I love the word suckage…it evokes thoughts of cocks, and gagging on them, on the taste of His cum, on the feeling of submission I get when I kneel at his feet, sucking on Him.
This is not that kind of suckage, however.
No, this is a brief “AAARRGH” as my vanilla life has sucked so much of the wanton out of me. Sometimes, it’s really, really hard to remember that I AM a slut. That I AM a lover of pain, and powerless orgasms. That I need my well to be filled, even as he drains me. I need to be renewed as His slut, and I need it soon.
We were supposed to meet earlier this month for playtime, but being ill, then several serious snowstorms all put the end to those plans. (He actually lost power for close to a week, though we did not. He got lots of wind, we got lots of snow. It sucked for both of us…again, not the good kind of suckage!)
Now we’re hoping that we can work out the time to be together in April. Easter, and birthdays, and life will try to muck things up, but if we both stay healthy, we might, maybe, possibly be able to eke out some time together for Him to beat me. (Just re-reading that makes me smile. Seriously, are we pain sluts fucked up or what?)
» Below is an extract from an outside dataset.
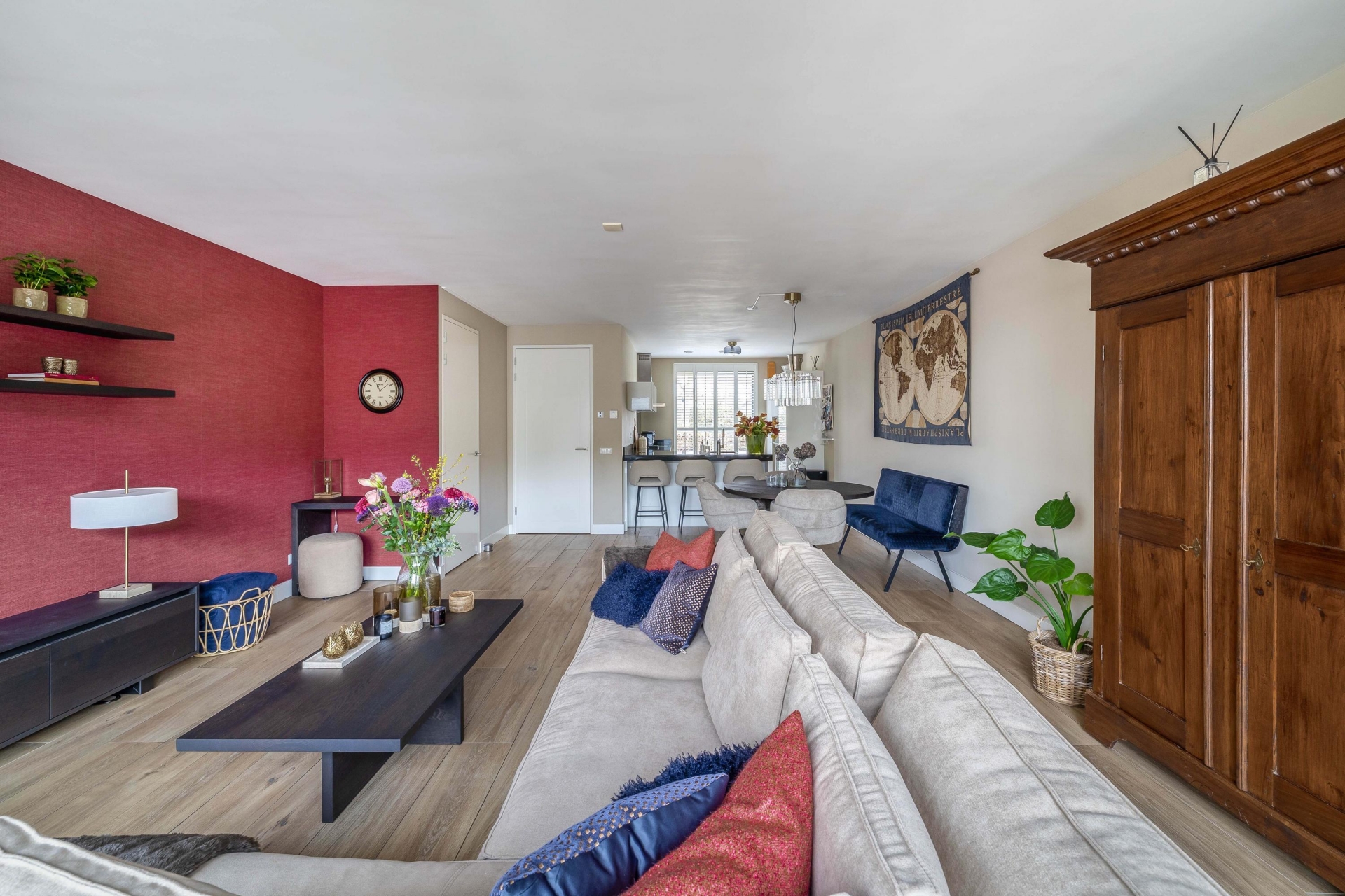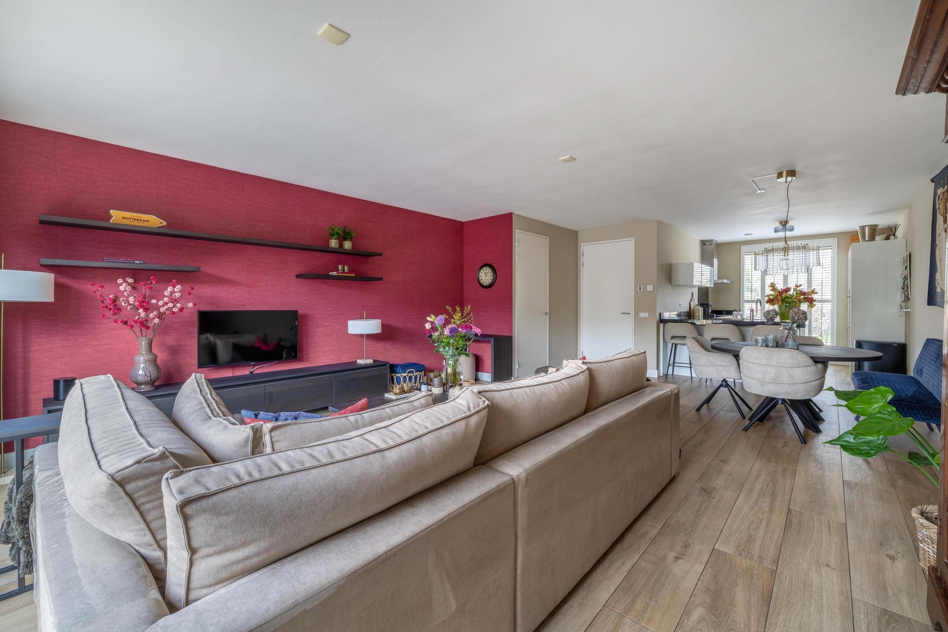 De open keuken aan de voorzijde is ruim opgezet en door het grote raam heerlijk licht. De keuken is compleet uitgevoerd met diverse inbouwapparatuur, waaronder een wijnkoelkast, vriezer, vaatwasser, combimagnetron en een 5-pits inductiekookplaat met afzuigschouw.

As much as I need to be beaten and fucked brainless, He needs to beat, to fuck, as well. Sometimes I forget that Dominants need that release every bit as much as we submissives do. Maybe it’s because they’re all quiet and stalwart about it, and can compartmentalize it better than subs can? I dunno, that’s my personal theory, anyway.
So, I’ll be writing off my frustrations tomorrow….my day off –at LAST; last week my “day off” got suborned and I’ve really been feeling the need for some down time, because as much as you all have been wanting to read chapters, I’ve been dying to write them!
I’m not slipping off quietly into that vanilla night. Nope, I’m grabbing my submission and pulling it up from my toes where it’s been tamped down and making those plans and more importanly, keeping them. As He said to me this morning,
you are mostly a pain slut who hasn’t had any selective pain in quite some time.
Painfully needy for pain…how’s that for an oxymoron?